I have bad experience with DMSO used as solvent for DMG. Solubility isn´t bad, but as I mixed the DMSO solution of DMG with PGM solution, extremely fine, mud-like precipitate immediately formed, which was real pain to filter and wash. And it draged another PGMs with it, but just like 1-3% each. Maybe I messed something up, after this one experience, I didn´t used the DMSO as solvent for DMG since this experiment. I also do not like the idea of adding bunch of organic solvent to the PM solution, which could possibly mess up reactivities and solubilities of other components, since medium composition change.

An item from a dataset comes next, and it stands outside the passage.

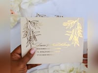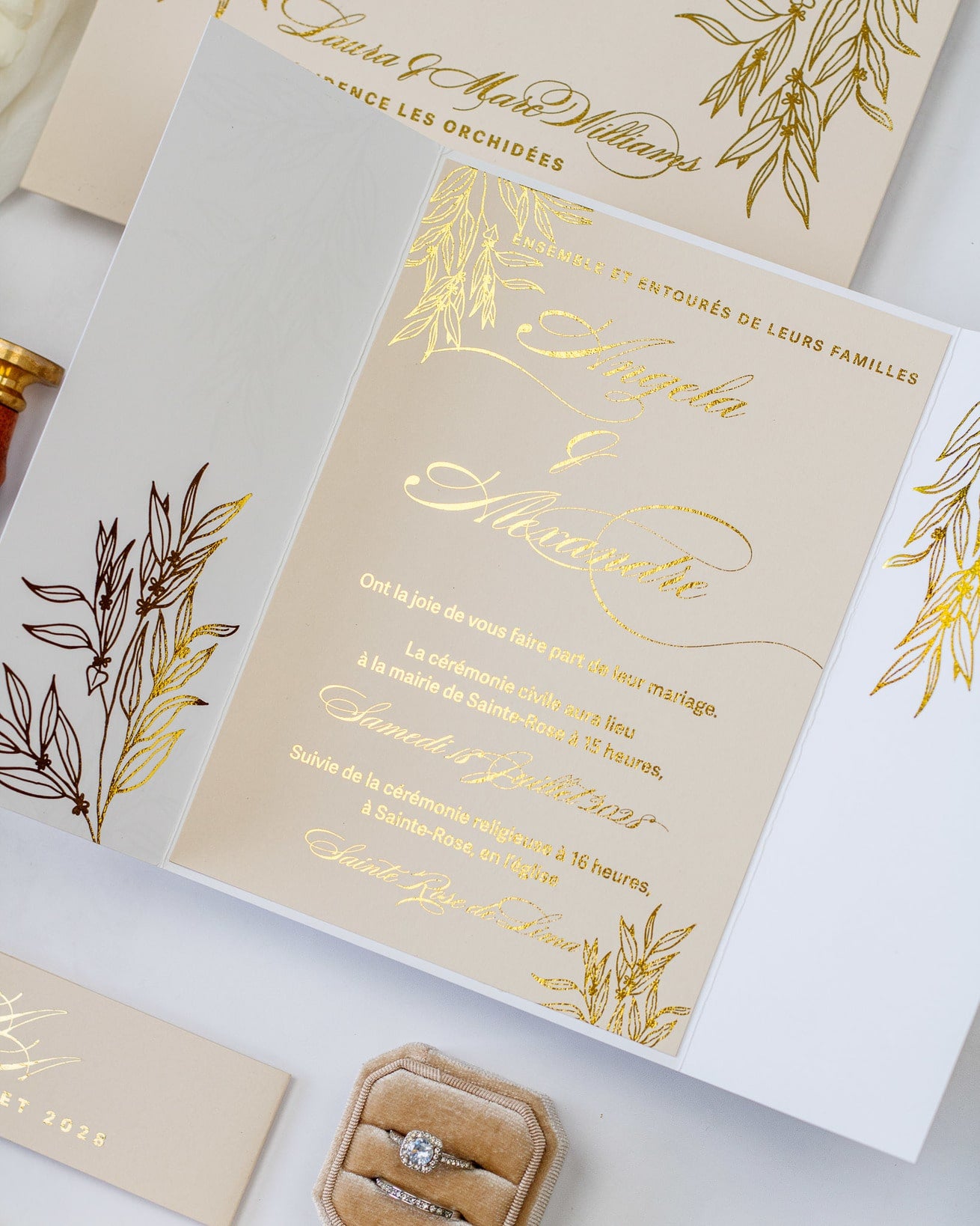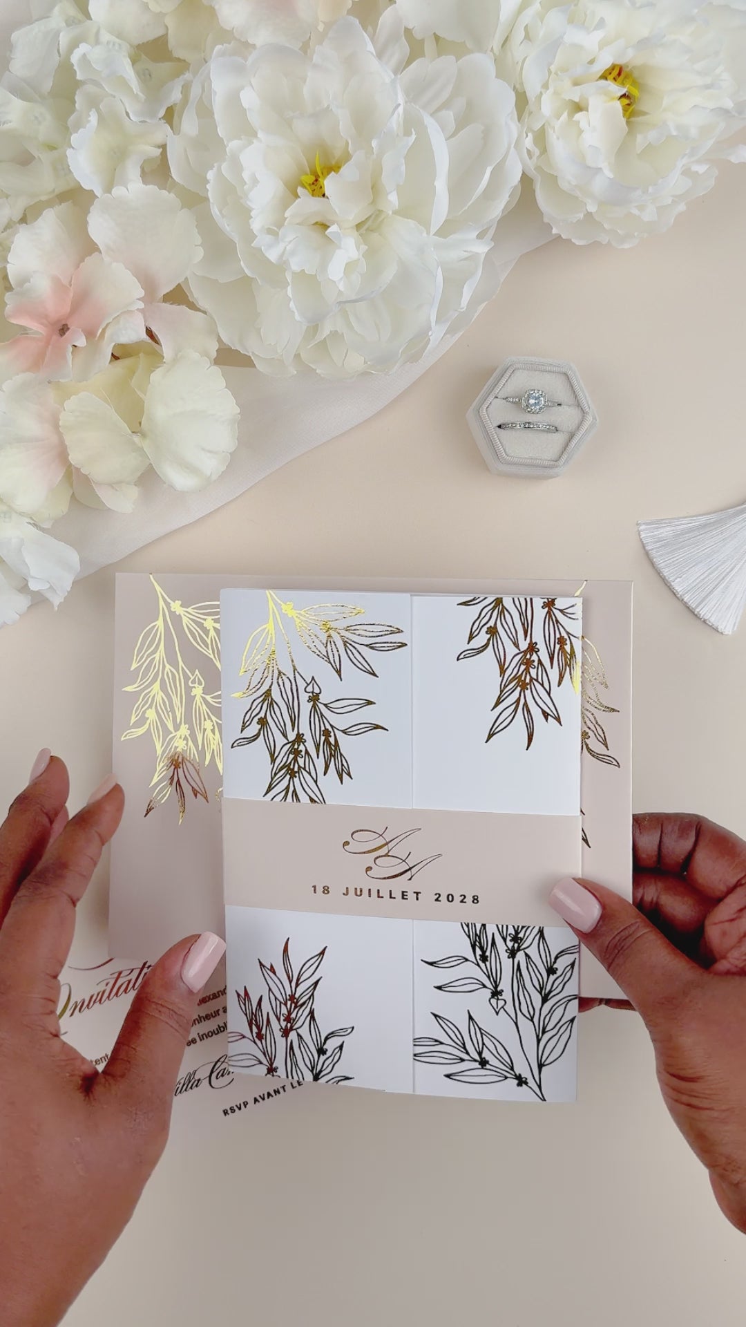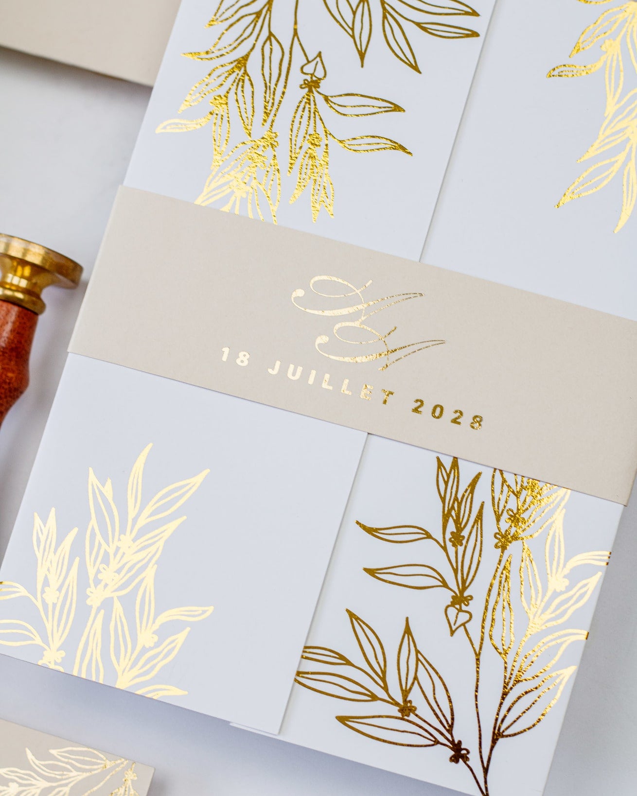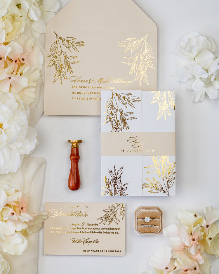 Elégant faire-part de mariage enveloppé dans une pochette au toucher soyeux imprimée de motifs floraux sublimés par une finition or.

I used to make Na-DMG solution from NaOH and DMG, and it kinda worked better than plain powder. In bulk, I just add DMG powder to vigorously stirred solution and let it equilibrate/adsorb the palladium for like 30 minutes. If base metals are present in solution, they help to dissolve tiny bits of DMG into the solution - as DMG create complexes with nearly every metal, but they are freely soluble. So the DMG is taken into the solution, find the Pd cations and drop like insoluble Pd(DMG)2 complex.
 
Back in the day of no (or crazy expensive) XRF I used the Dimethylglyoxime DMSO which I filtered before use and storage to drop Palladium out of fire assay parting acids when assaying dental scrap. The concentrate needed a few drops to drop any Palladium which was filtered onto a tared mini buchner funnel, dried in a dessicator, and weighed as Palladium Dimethylglyoxime. Simplified the analysis as the alloys were Gold Palladium and easily separated with Dimethylglyoxime. Only needing a few concentrated drops was the appeal, and a parting flask from a half gram sample only contained a fraction of a gram of Palladium.